- Dataset records:
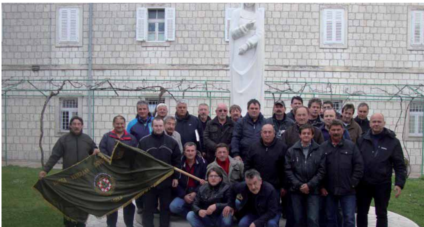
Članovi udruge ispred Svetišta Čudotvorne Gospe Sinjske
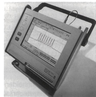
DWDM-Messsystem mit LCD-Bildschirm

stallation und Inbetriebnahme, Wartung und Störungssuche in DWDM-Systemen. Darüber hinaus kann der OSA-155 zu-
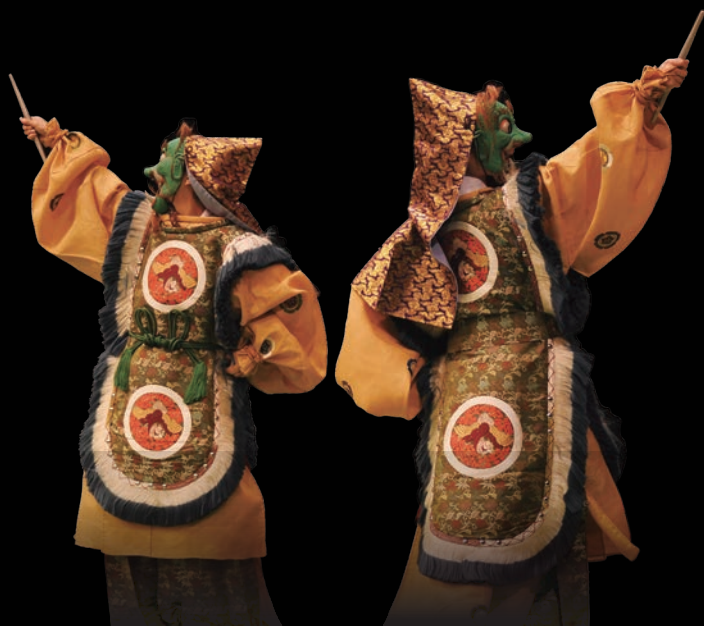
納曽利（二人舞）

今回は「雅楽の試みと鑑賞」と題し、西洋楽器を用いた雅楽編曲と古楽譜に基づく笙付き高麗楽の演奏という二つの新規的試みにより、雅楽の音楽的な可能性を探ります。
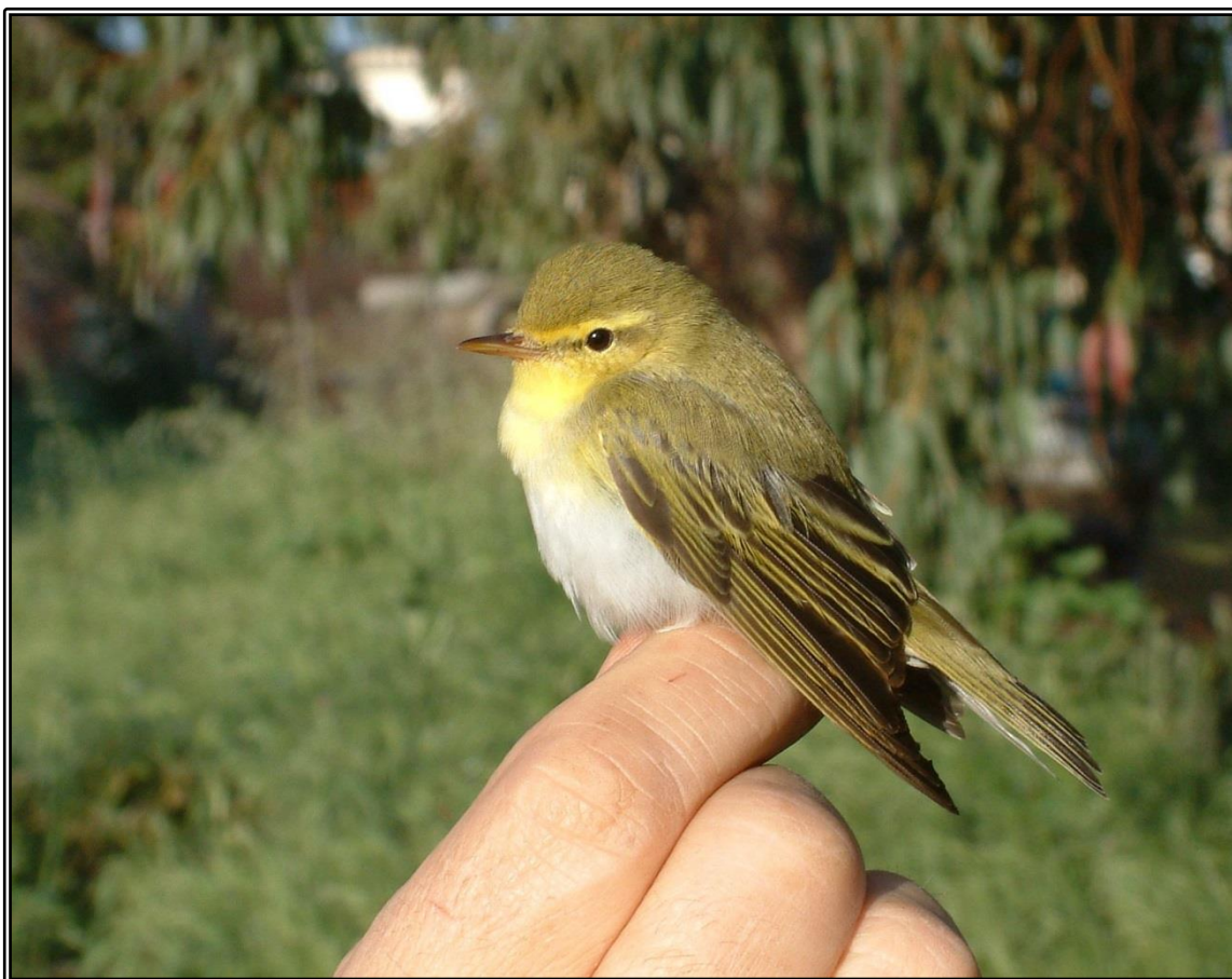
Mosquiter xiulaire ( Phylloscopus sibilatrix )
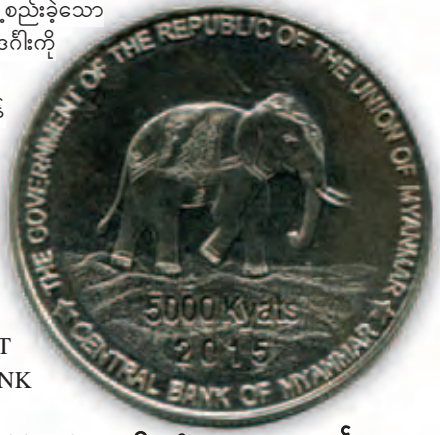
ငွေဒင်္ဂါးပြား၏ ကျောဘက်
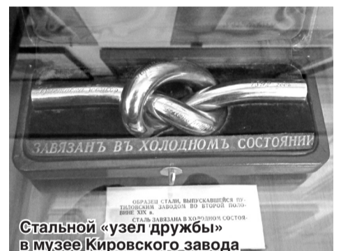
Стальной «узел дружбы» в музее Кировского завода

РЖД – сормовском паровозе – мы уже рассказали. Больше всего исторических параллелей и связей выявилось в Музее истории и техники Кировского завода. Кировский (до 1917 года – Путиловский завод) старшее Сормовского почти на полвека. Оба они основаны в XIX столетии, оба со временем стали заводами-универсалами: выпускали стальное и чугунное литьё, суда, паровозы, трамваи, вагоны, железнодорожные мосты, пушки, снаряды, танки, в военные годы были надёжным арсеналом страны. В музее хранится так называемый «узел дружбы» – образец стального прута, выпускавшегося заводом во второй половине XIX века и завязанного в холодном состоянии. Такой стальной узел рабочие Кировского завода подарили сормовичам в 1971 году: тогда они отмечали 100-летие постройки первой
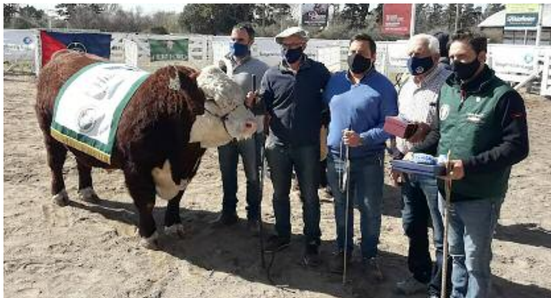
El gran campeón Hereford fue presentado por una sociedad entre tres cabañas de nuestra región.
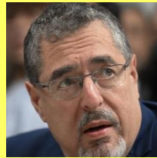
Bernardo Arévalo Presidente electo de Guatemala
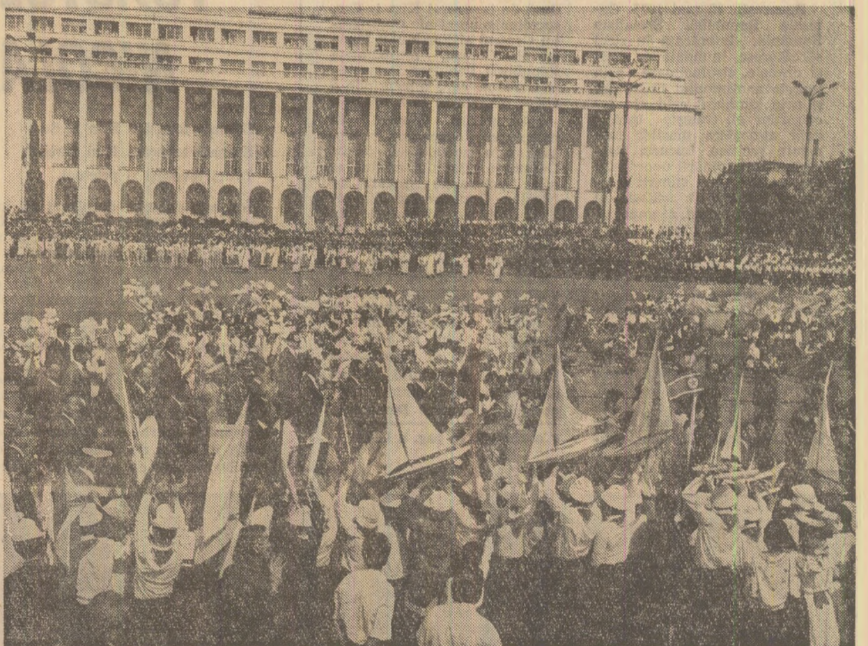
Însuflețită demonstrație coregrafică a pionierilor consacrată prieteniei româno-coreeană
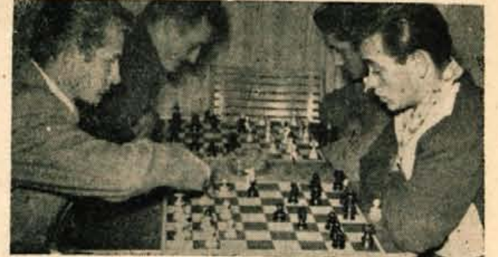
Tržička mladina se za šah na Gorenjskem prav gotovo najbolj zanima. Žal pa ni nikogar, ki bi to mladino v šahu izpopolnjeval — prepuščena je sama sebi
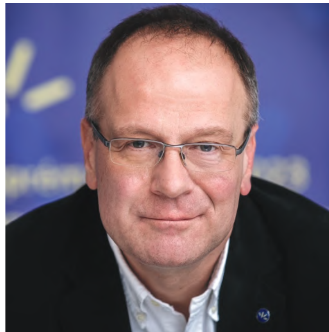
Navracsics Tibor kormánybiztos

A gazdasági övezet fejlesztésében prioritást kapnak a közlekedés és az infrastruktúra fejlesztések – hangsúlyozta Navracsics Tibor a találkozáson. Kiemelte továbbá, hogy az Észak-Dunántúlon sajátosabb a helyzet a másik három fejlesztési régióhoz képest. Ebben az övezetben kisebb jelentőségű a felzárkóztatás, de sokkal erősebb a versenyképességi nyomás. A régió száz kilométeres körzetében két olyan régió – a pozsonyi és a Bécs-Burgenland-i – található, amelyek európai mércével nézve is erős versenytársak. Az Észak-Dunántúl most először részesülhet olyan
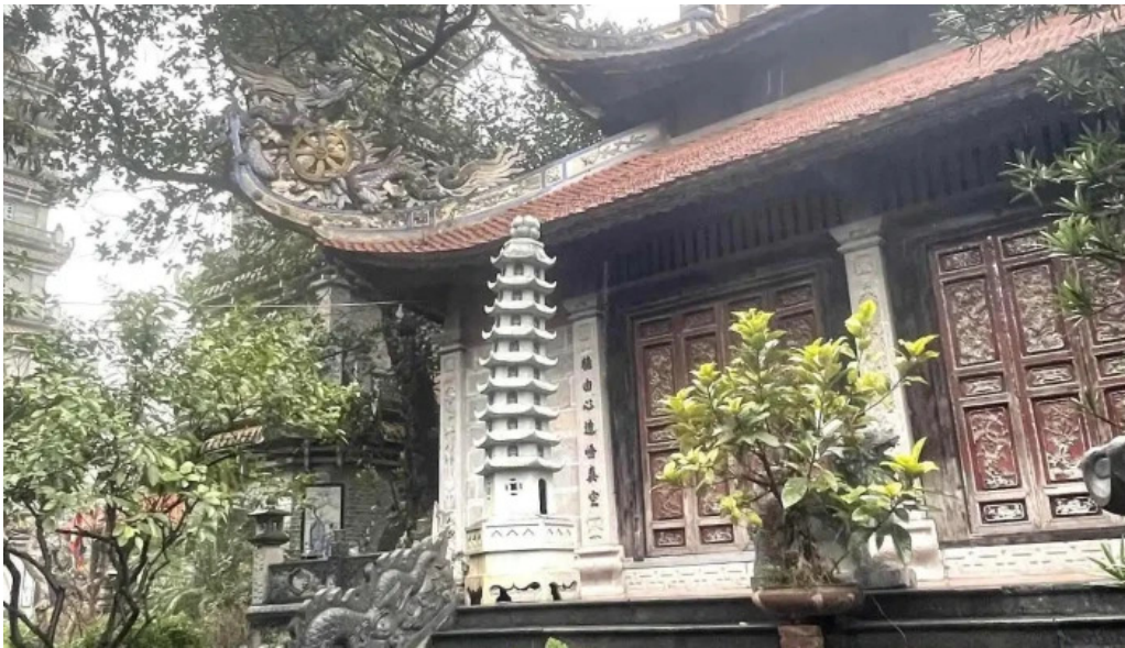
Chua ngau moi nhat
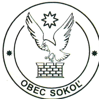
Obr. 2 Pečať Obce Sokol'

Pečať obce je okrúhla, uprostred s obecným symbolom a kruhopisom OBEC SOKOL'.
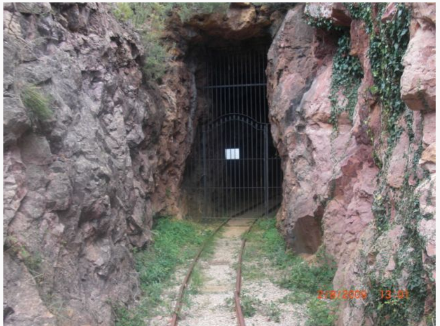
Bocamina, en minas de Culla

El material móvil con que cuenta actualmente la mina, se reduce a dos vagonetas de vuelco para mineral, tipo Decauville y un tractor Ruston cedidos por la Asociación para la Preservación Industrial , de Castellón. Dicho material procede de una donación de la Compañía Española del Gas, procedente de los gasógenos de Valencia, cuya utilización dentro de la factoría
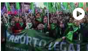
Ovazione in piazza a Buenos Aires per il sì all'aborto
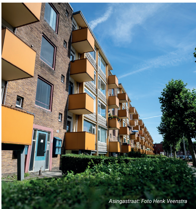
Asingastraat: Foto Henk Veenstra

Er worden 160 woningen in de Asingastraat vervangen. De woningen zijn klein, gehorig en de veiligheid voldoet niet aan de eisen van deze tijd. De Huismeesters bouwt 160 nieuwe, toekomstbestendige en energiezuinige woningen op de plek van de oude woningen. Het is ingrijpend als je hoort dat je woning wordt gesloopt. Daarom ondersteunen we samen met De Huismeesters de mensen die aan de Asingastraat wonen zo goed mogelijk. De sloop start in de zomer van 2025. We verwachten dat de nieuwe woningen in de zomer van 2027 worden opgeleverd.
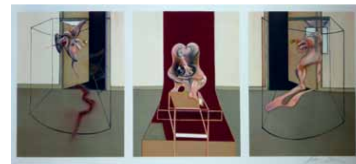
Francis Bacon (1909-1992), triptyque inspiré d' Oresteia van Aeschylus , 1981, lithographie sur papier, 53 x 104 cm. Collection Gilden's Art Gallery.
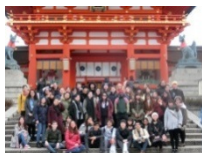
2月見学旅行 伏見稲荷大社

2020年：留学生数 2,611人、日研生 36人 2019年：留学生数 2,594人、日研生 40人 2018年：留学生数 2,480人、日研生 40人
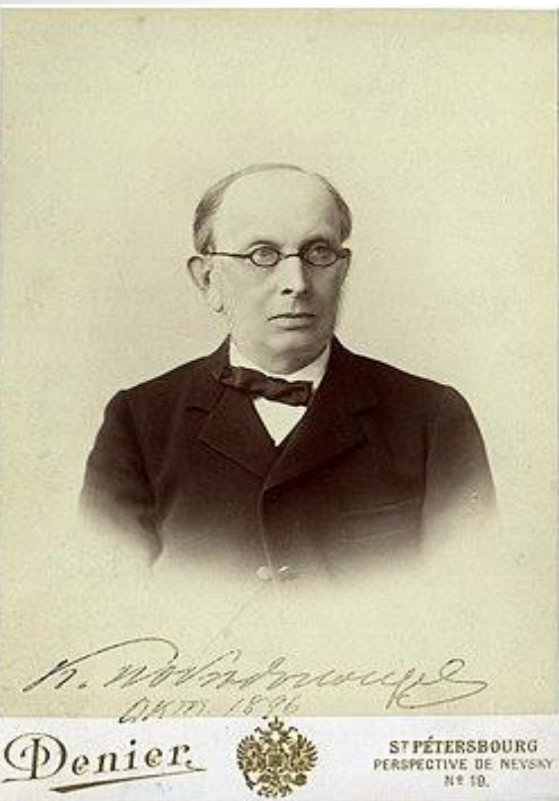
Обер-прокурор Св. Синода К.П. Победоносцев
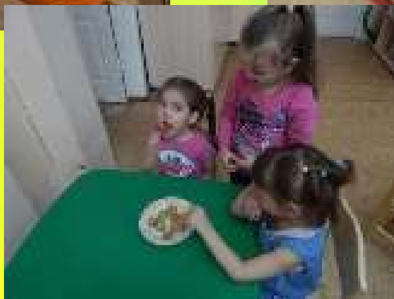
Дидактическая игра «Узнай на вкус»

- Problem to solve: The answer should be only the number of lines in the data that include "DWDM".

- Response area: 2